The problem: Starting at the line containing "Smícháme si makovou" and ending at the line containing "身頃部分と袖の生地の使い分け", transcribe the listing below exactly. Keep both end lines, skip the pictures, and copy nothing else.

Provided data:

_ _ _ _ _ _ _

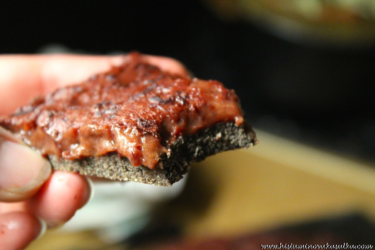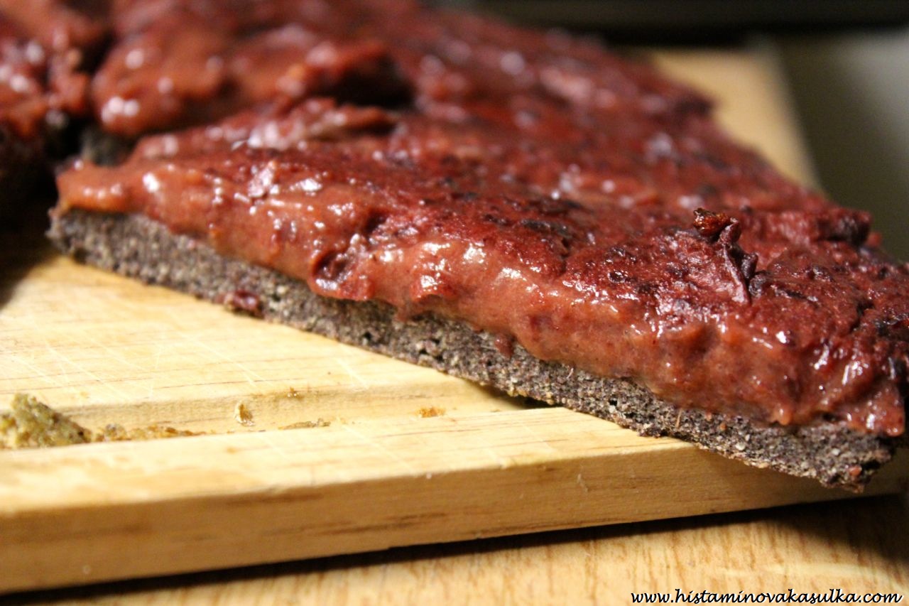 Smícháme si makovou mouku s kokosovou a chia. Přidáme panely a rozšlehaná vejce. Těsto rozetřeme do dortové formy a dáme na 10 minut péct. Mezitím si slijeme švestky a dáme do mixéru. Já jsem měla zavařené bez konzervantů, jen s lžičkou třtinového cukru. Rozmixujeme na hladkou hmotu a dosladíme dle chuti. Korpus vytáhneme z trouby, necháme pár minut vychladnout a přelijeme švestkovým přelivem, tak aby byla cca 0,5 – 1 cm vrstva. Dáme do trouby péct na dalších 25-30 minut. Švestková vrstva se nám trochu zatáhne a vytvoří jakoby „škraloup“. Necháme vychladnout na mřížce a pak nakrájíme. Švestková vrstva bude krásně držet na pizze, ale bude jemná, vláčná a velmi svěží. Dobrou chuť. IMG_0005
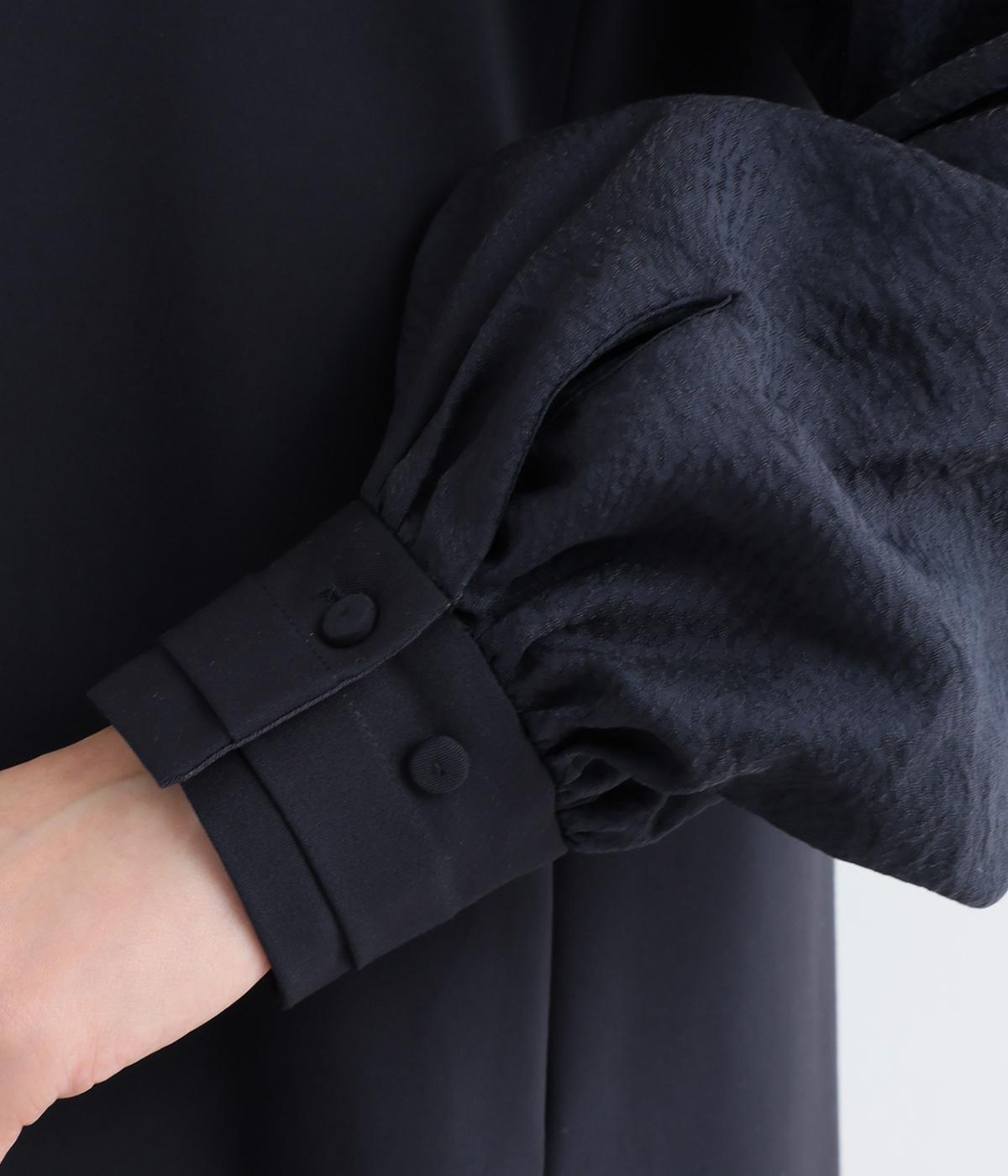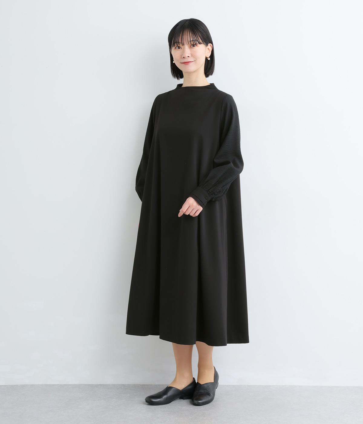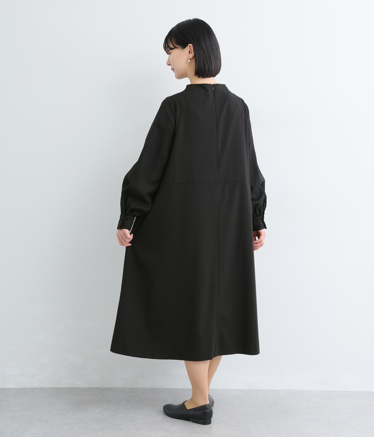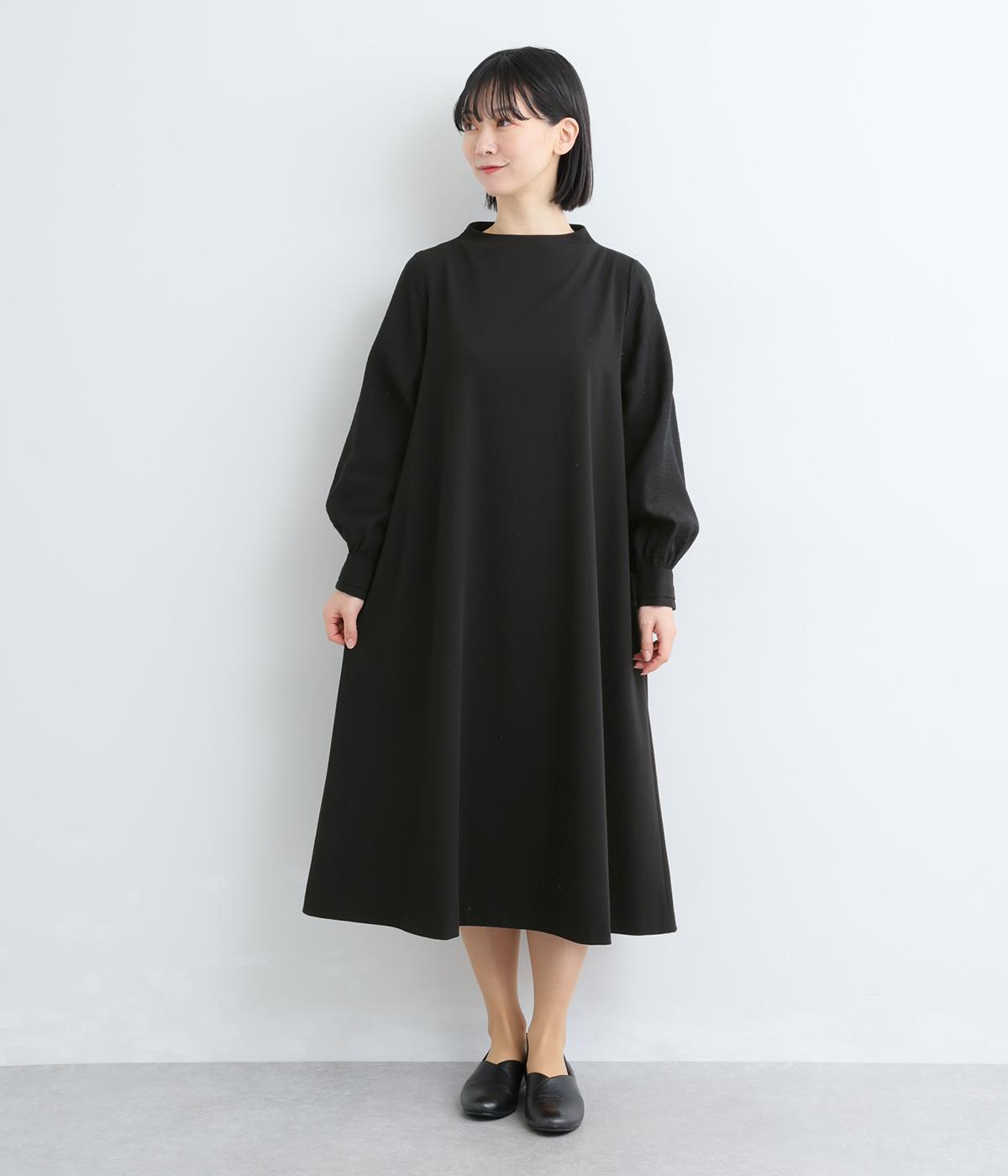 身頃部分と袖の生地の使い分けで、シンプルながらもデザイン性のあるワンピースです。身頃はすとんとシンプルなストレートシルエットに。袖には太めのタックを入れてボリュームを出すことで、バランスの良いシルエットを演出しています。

_ _ _ _ _ _ _

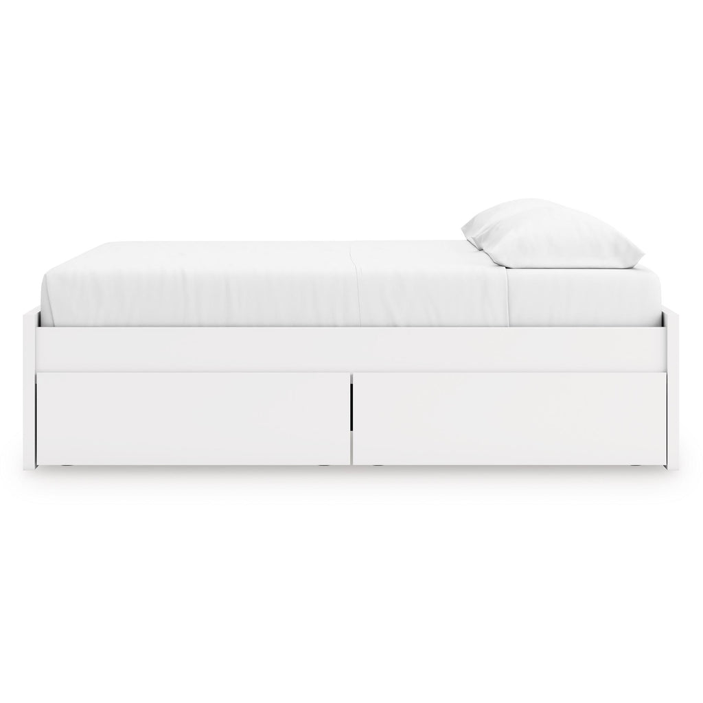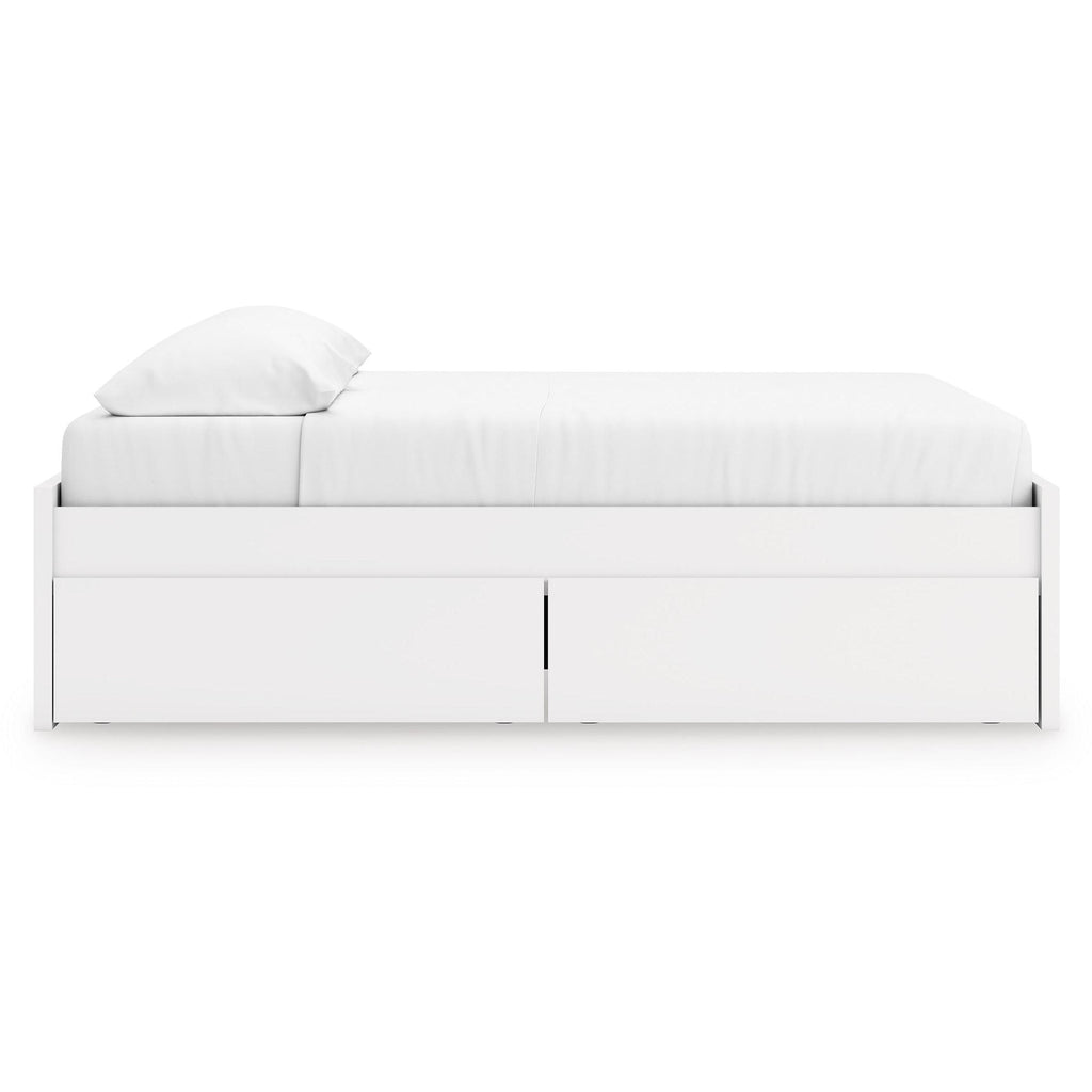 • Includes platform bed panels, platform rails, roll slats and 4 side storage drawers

_ _ _ _ _ _ _

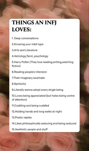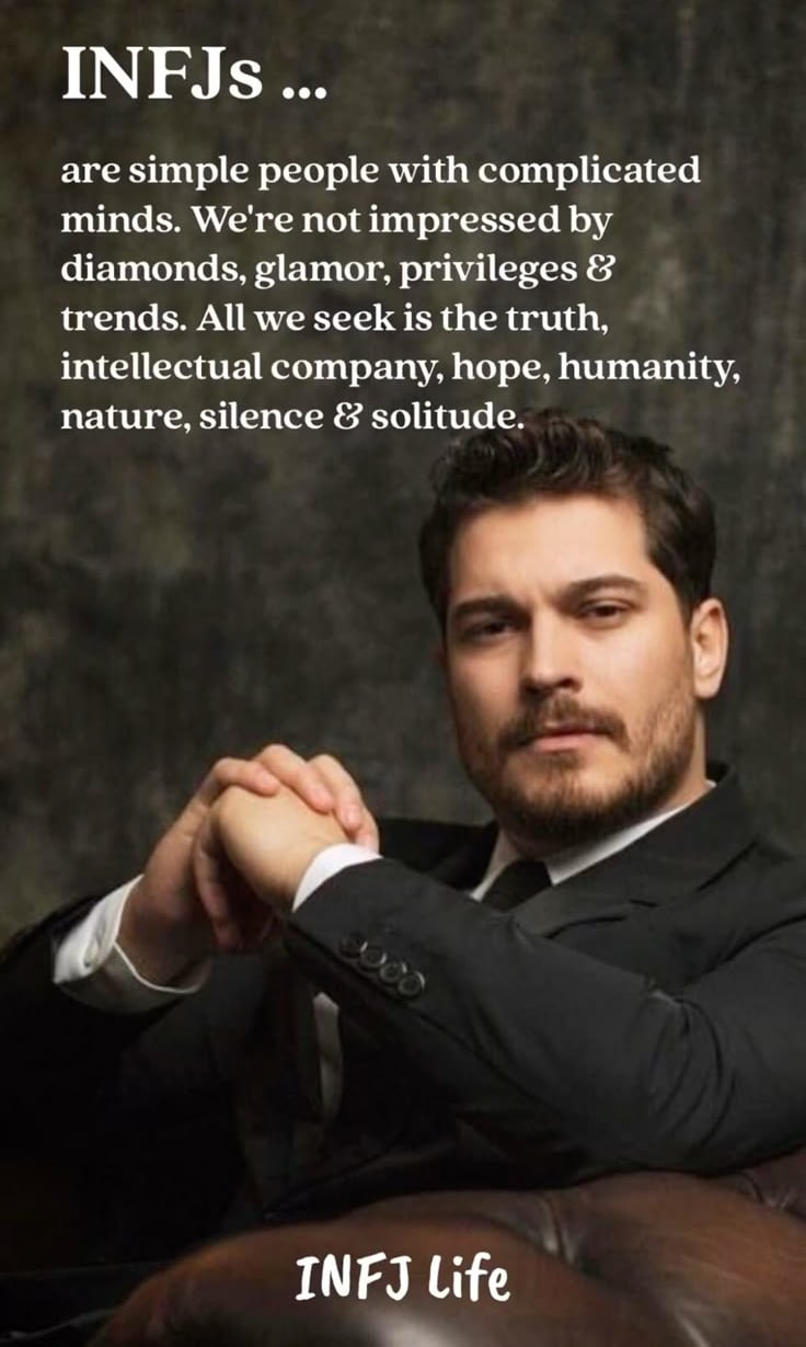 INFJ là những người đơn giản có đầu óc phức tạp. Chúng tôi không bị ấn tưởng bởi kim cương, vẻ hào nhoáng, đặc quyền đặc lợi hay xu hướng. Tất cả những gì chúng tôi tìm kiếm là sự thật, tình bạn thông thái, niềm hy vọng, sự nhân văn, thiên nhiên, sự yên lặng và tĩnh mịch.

_ _ _ _ _ _ _

Your response:
 Smícháme si makovou mouku s kokosovou a chia. Přidáme panely a rozšlehaná vejce. Těsto rozetřeme do dortové formy a dáme na 10 minut péct. Mezitím si slijeme švestky a dáme do mixéru. Já jsem měla zavařené bez konzervantů, jen s lžičkou třtinového cukru. Rozmixujeme na hladkou hmotu a dosladíme dle chuti. Korpus vytáhneme z trouby, necháme pár minut vychladnout a přelijeme švestkovým přelivem, tak aby byla cca 0,5 – 1 cm vrstva. Dáme do trouby péct na dalších 25-30 minut. Švestková vrstva se nám trochu zatáhne a vytvoří jakoby „škraloup“. Necháme vychladnout na mřížce a pak nakrájíme. Švestková vrstva bude krásně držet na pizze, ale bude jemná, vláčná a velmi svěží. Dobrou chuť. IMG_0005
 身頃部分と袖の生地の使い分けで、シンプルながらもデザイン性のあるワンピースです。身頃はすとんとシンプルなストレートシルエットに。袖には太めのタックを入れてボリュームを出すことで、バランスの良いシルエットを演出しています。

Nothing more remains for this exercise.